The Metropolitan Transportation Commission this week adopted a set of principles to guide its pursuit this year of state legislation that would enable Bay Area voters in 2026 to consider a transportation tax measure designed to improve the customer experience for transit riders and avert deep service cuts by BART, San Francisco Muni, AC Transit, Caltrain and other transit agencies.
These agencies face an combined annual operating deficit estimated at $500 million to $800 million as early as the 2026-27 fiscal year. State senators Scott Wiener of San Francisco and Jesse Arreguín of Berkeley recently introduced Senate Bill 63 to authorize placement of such a measure on the November 2026 ballot. But the legislation is still a spot a bill and does not yet include any details.

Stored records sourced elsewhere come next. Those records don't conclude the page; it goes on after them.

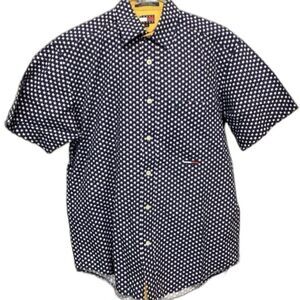 Tommy Hilfiger Men’s Short Sleeve Button Up Shirt. Size Small. Color Navy Blue and White Stars. Please reference attached pictures for colors, condition,pattern,care instructions and approximate sizing.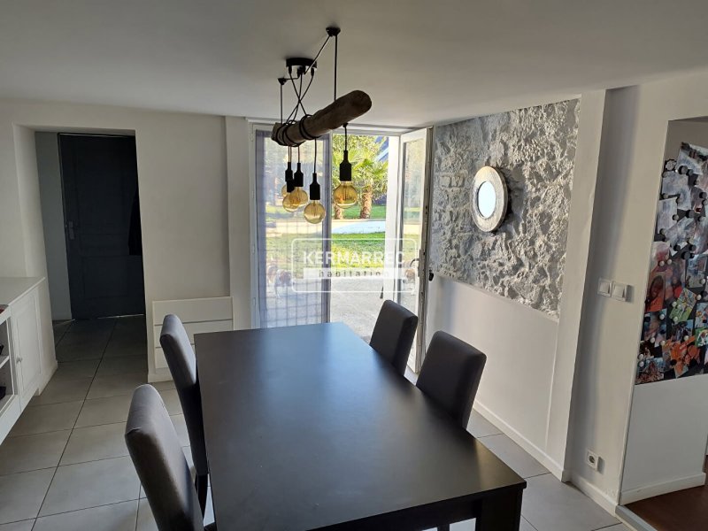 A l'extérieur, jardin clos et arboré avec terrasse exposée plein sud.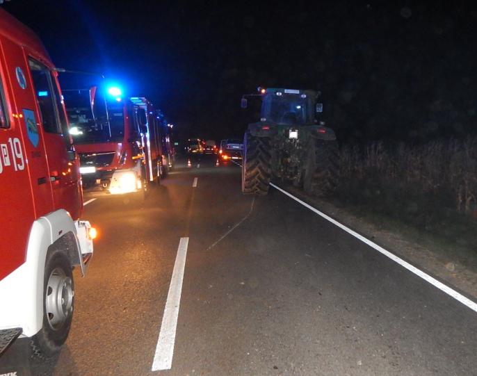 Stanowisko Kierowania Komendanta Powiatowego Państwowej Straży Pożarnej w Kole przyjęło zgłoszenie o wypadku drogowym na drodze wojewódzkiej nr 473. W miejscowości Chełmno doszło do wypadku samochodu osobowego Seata Leona z ciągnikiem rolniczym przewożącym ziarno kukurydzy. Do zdarzenia zadysponowane zostały dwa zastępy z JRG Koło oraz jeden zastęp z OSP Dąbie i jeden zastęp OSP Rzuchów. W wyniku rozpoznania na miejscu zdarzenia kierujący działaniem ratowniczym ustalił, że pojazdami podróżowali tylko kierowcy, którzy opuścili uszkodzone pojazdy przed przybyciem straży pożarnej. Działania zastępów straży pożarnej polegały na zabezpieczeniu miejsca zdarzenia, oraz oświetleniu terenu działań. Przybyły na miejsce zdarzenia Zespół Ratownictwa Medycznego zabrał kierowcę samochodu osobowego do szpitala. W działaniach ratowniczych brało udział 19 ratowników. Łączny czas trwania akcji ratowniczej wyniósł: 2 godz. 13 minut. Dochodzenie w sprawie przyczyny wypadku prowadzi Policja.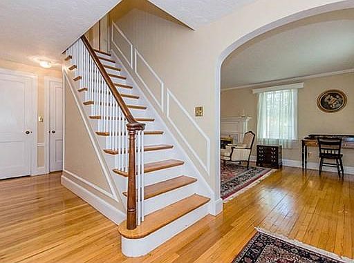 Move right in to this beautiful, elegant Colonial! Granite countertops in kitchen with recessed lighting, birch cabinets, pantry, and access to deck. Living room features a beautiful fireplace, custom built in bookshelves, and access to sunroom through glass sliding doors. Dining room has custom chair rail, and original valances. Second floor features three bedrooms, two full baths and laundry room, and access to walk up attic that is partially finished. Basement has wall to wall in recreation room with second fireplace, and a walk out to well landscaped private yard with two paver driveways and mature plantings and trees. Underground sprinkler system, mahogany garage door, central air conditioning, updated heating system, and possibility for third full bath in basement make this a must see! **Please call school department for elementary school placement.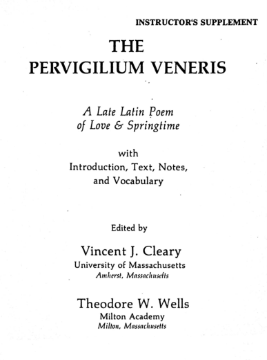 Pervigilium Veneris – Teacher’s Notes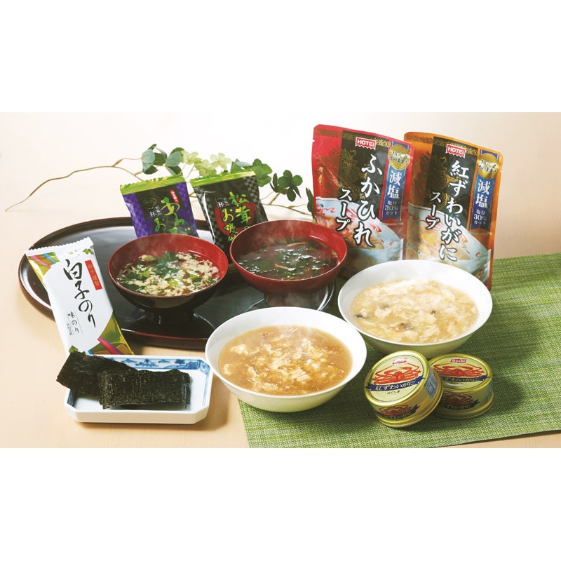 ・内容:白子のり(8切5枚)×4、あわび入お吸い物(4g)×2、ふかひれスープ(160g)・松茸入りお吸い物(4.2g)・丸美屋のり茶漬け(6g×2)×各1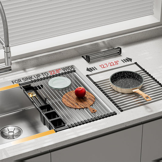 304 Stainless Steel Over Sink Counter Top Perfect Dish Drainer, Extendable Drainage Basket Drying Rack for Fruit, Vegetables, and Dishes - Corrosion-Resistant, Space-Saving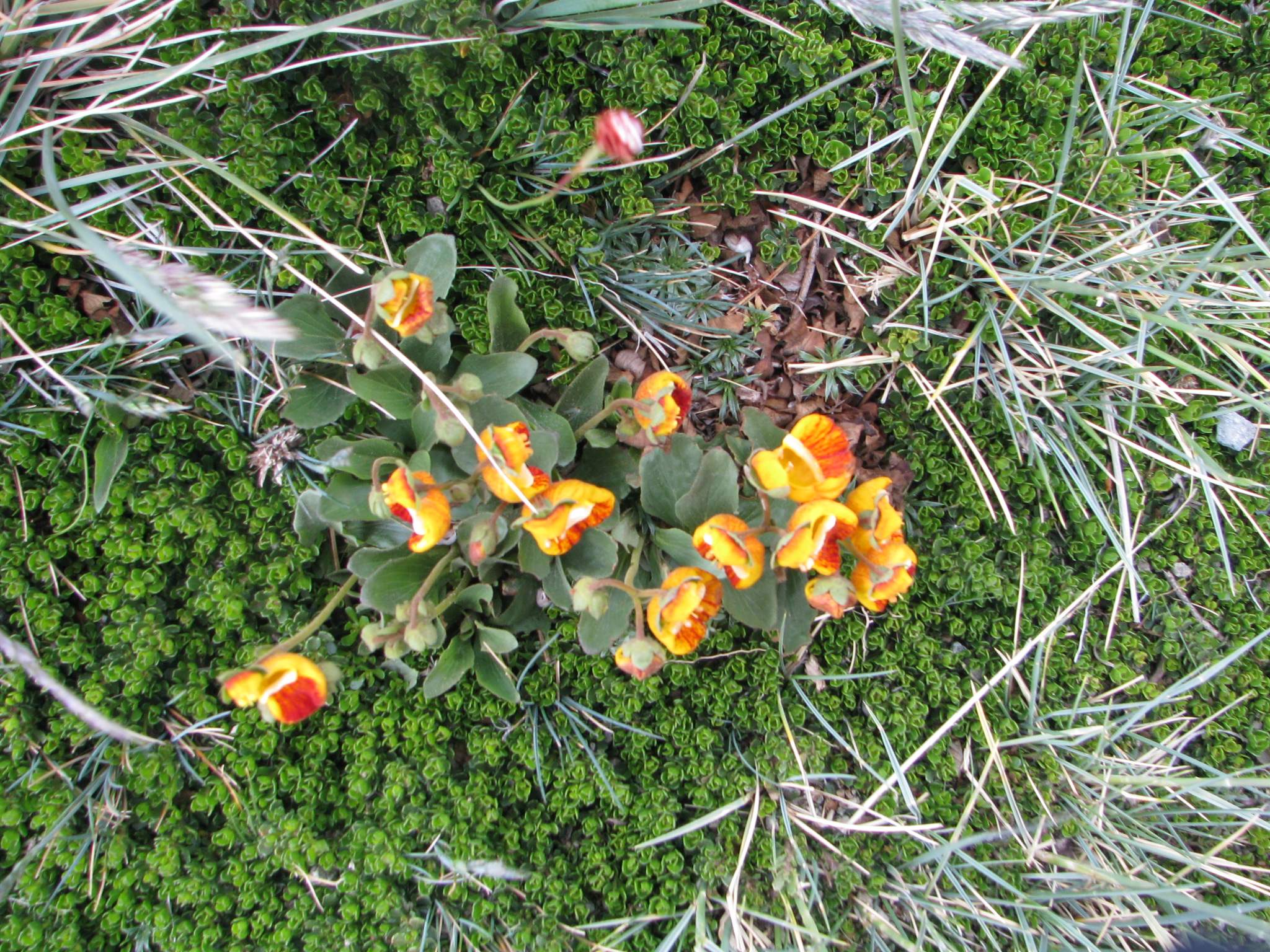 Dans les prairies ou les parties défrichées, le firebush (Embothrium coccineum), une Protéacée, flamboie au cours de ce printemps (à droite ci-dessous). Au sol, on peut admirer des tapis de Anemone multifida, anémone jaune blanc, (au centre) et une belle Scrophulariacée à feuille jaune (Calceolaria uniflora) (à gauche).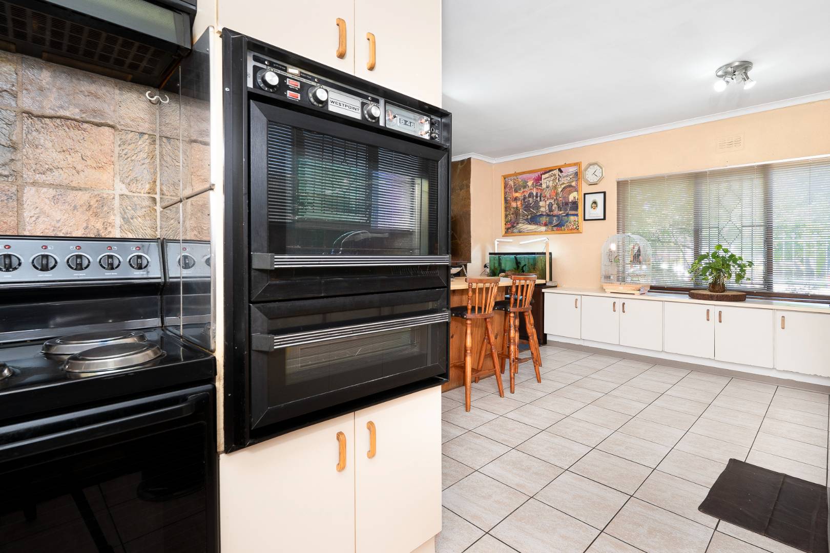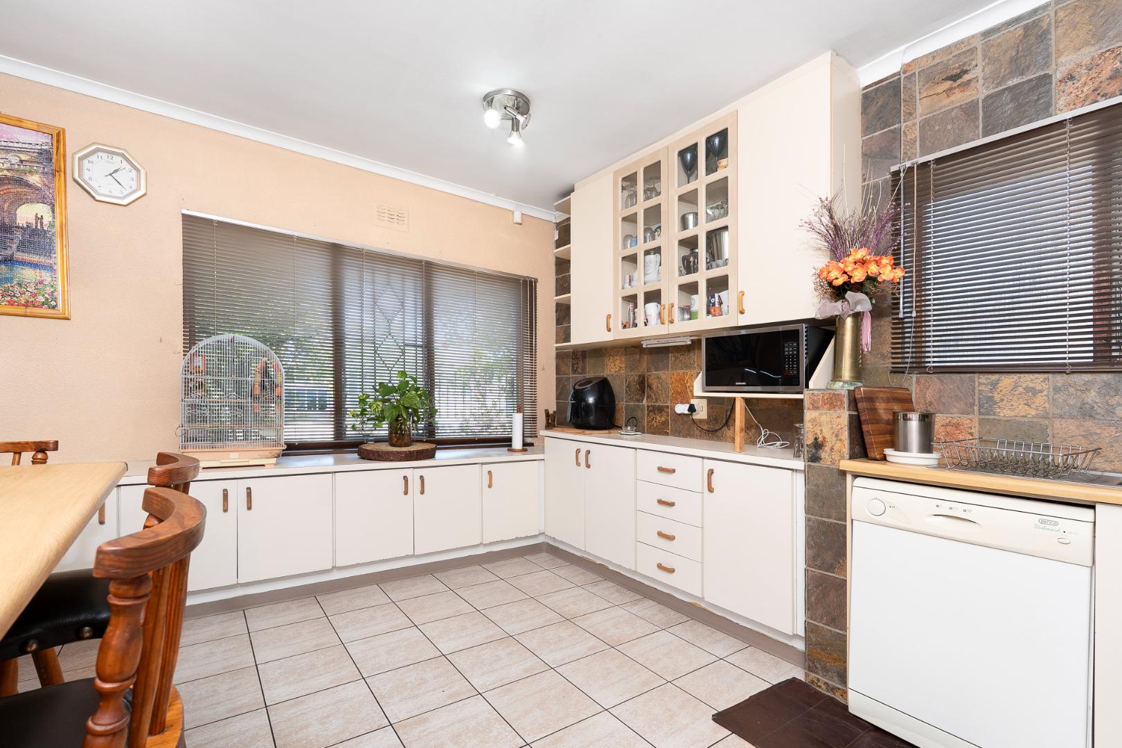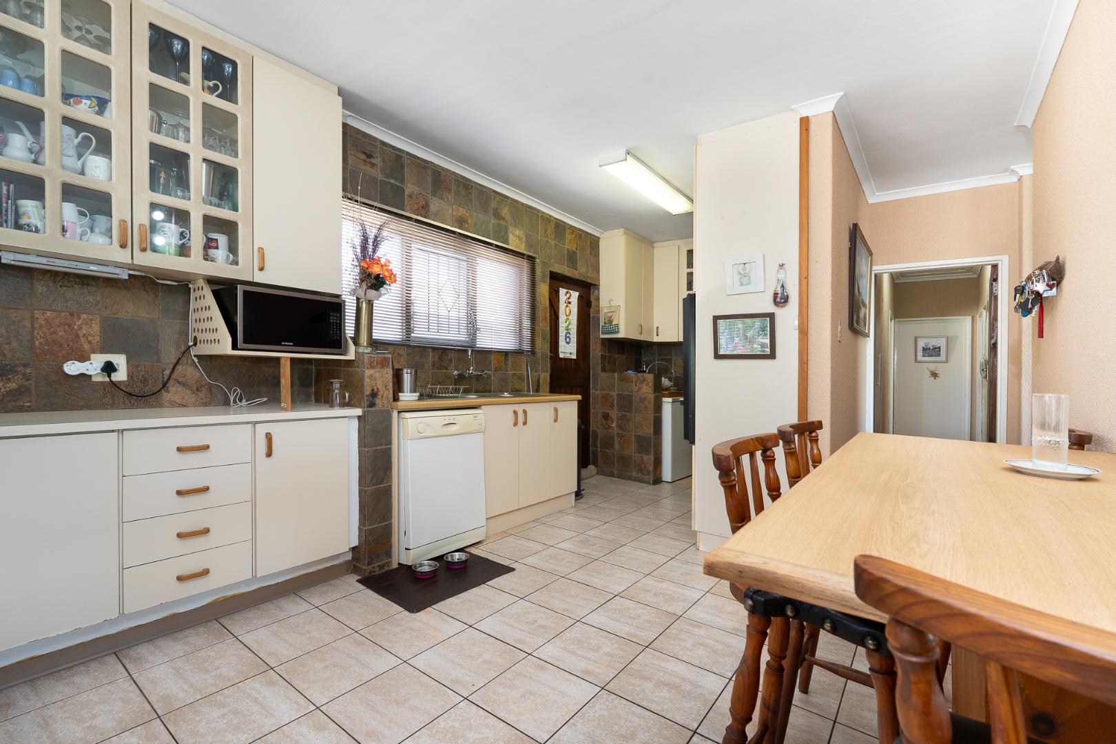 The spacious, fully fitted kitchen is tiled and well-designed, offering a breakfast area, eye-level oven, plumbing for one appliance, and ample space for a dining area.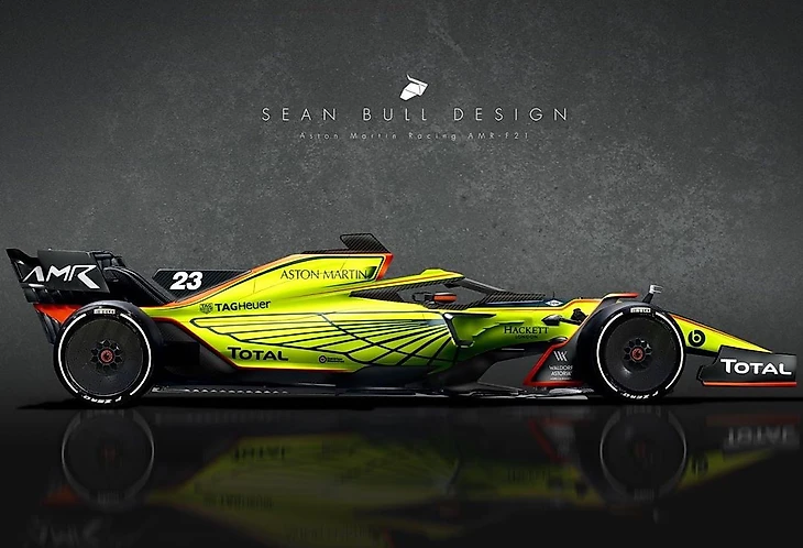 Вот, к примеру, стильная и яркая визуализация от Шона Булла вместе с возможными спонсорами на макете предполагаемой машины 2021-го.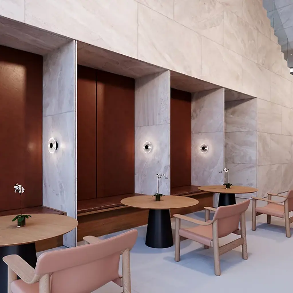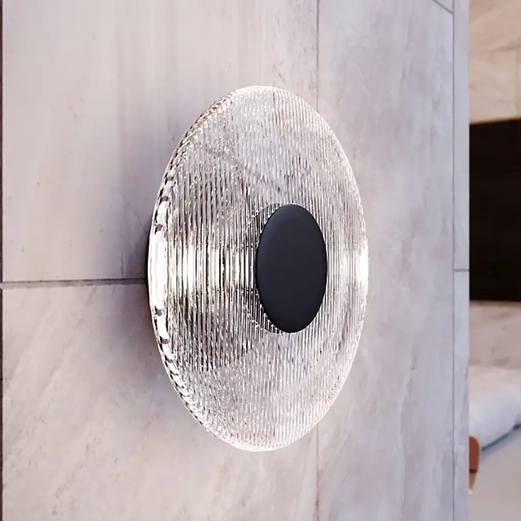 All-around radiance and sparkle for modern spaces of all sizes. The Meclisse LED Wall Sconce by SONNEMAN was designed to bring a whole lot of both, in a relatively small package. This wall sconce is able to produce a whole lot of light courtesy of its unique shade, a slim disc of Ribbed Glass. The glass surrounds the central LED light source and, due to its distinctive texture, is able to both enhance and diffuse the light in all directions. The metal stem holds the shade at just the right distance from the wall to guarantee the largest halo of light possible around the fixture.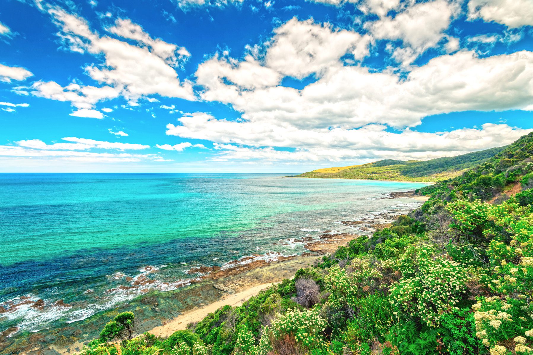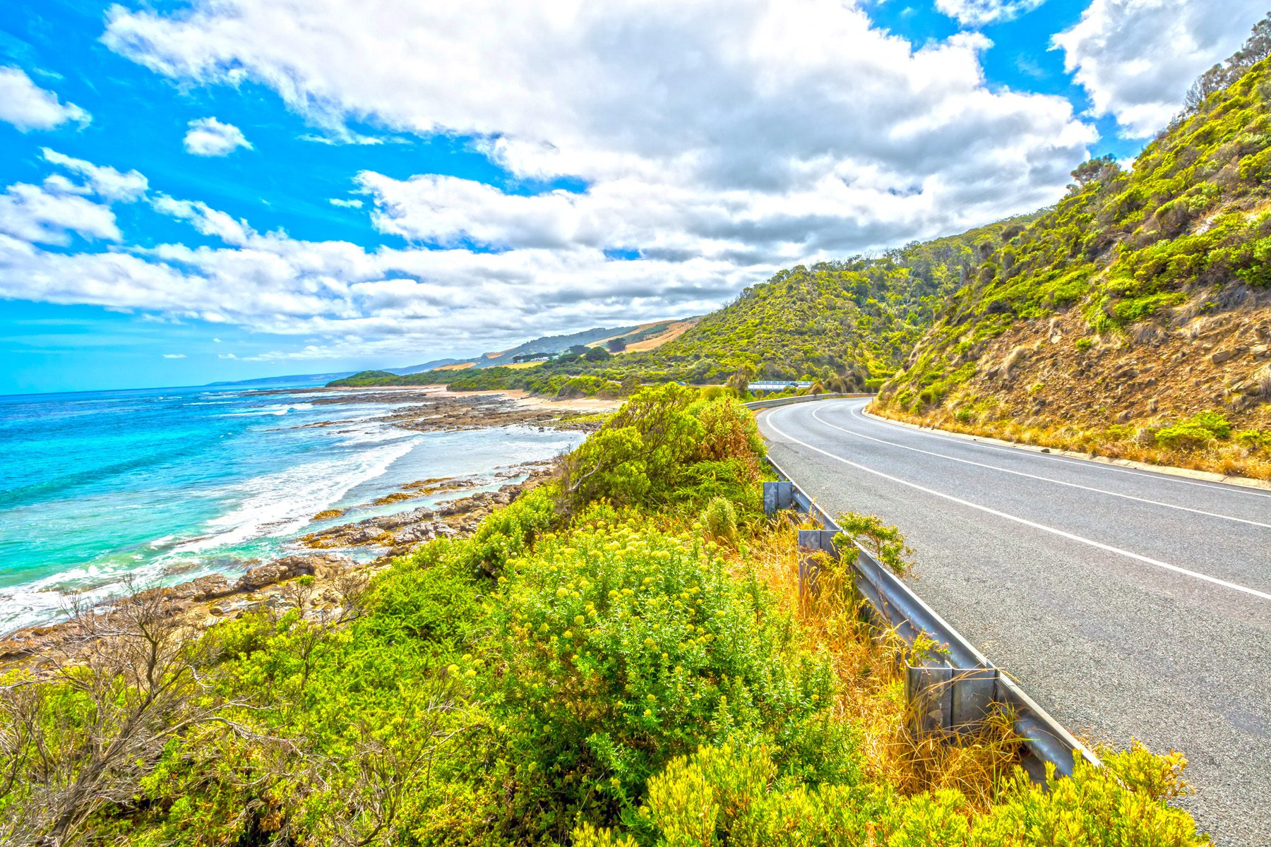 Back on our bikes, an impossibly beautiful ride along a tall ridge twists through miles of fragrant forest before emerging from the native bush for a traffic-free descent through Wild Dog Preserve to reach the village of Apollo Bay, where your choice of lunch at the Fishermen’s Co-op depends on the morning’s catch.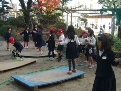 見に行くと なわとび用のジャンプ台の周りににたくさんの子ども達がそれぞれなわとびを頑張っていました。
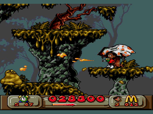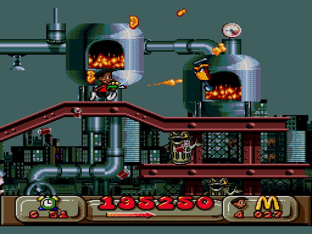 Even though Global Gladiators has the McDonalds license you would be hard pressed to tell. The art direction is gritty, dark, and mostly devoid of color. It lightens up a bit in the Arctic World but only just. They pound the environmental message into you to its detriment as it gets tiring to look at. Outside of the Golden Arches and Ronald McDonald appearing at the end of every level you would never know McDonalds put their stamp on this game. That was intentional, according to the developers. Their goal was to make a good game first. Whether they succeeded at that is up for debate.

"I will request a meeting with Senator Arreguín and Senator Wiener to share MTC's priorities with them," said MTC Chair and Pleasant Hill Mayor Sue Noack. "I will let them know that I would like the Commission to sponsor their bill, which would give us a seat at the table when amendment discussions take place."
MTC's support will depend on the bill being amended to ensure any regional tax measure:
- Be capable of passing: Because a half-cent sales tax is the highest tax rate most local elected officials and other key leaders are broadly willing to support, MTC recommends legislation be structured to authorize a sales tax of up to a half-cent in each participating county unless there is demonstrated political support for a higher rate in one of the counties; that both the enabling legislation and the resulting ballot measure be focused and easy to understand; and that enabling legislation establish a clear path for a multi-county measure to be placed on the ballot via signature gathering, which would enable passage by a simple majority.
- Prevent major service cuts for regional operators: A measure must raise enough money to prevent unacceptable service cuts by multi-county transit operators, which would damage the Bay Area economy, decrease mobility for many residents, and hinder progress on emissions-reduction, economic opportunity and quality-of-life goals; and it also must allow all local transit operators that serve a county included in the measure and face an operating deficit to receive funding from the measure if needed to avert major service cuts.
- Take into account local transportation needs: To balance the need for new regional funding with the need to maintain funding for local priorities, decisions about the duration of a multi-county tax measure should be developed in coordination with participating counties that also have local transportation sales tax measures that expire within the next 10 years.
- Fund and deliver rider-focused improvements: Bay Area residents want and deserve a connected and customer-friendly transit network. For MTC to support a measure — and for it to succeed at the polls — the measure must fund rider-focused improvements and must make transit agencies' eligibility for money from the measure contingent on compliance with Transit Transformation policies and programs established by the Bay Area's Regional Network Management framework.
- Be fair: A multi-county measure must be considered fair by all participating counties. All counties whose residents are served by regional transit service should contribute their fair share toward an agreed-upon funding level for those operators; and taxpayers in participating counties need assurance that they will benefit fairly from the measure.
- Include meaningful accountability provisions: Enabling legislation should include provisions to ensure transparency about how the funds are spent and should provide greater oversight of transit agencies' financial information so members of the public can more easily access the agencies' budget information and the agencies are encouraged to manage their funds efficiently.
After MTC's pursuit last year of enabling legislation for a 2026 regional transportation measure stalled in Sacramento, the Commission established a Transportation Revenue Measure Select Committee to help state and local elected offiicals, business and labor groups, and transportation advocates build consensus for a new bill that could both win support in the Legislature and allow Bay Area voters next year to consider a tax measure that would sustain robust regional transit service, deliver a better experience for transit riders and attract new passengers.
The work done last year by the Select Committee, as well as a January 2025 poll of voters commissioned by MTC, indicates a shorter-term measure with a 10-year or 11-year duration stands a chance of winning voters' support in counties served by BART, Muni, Caltrain and AC Transit.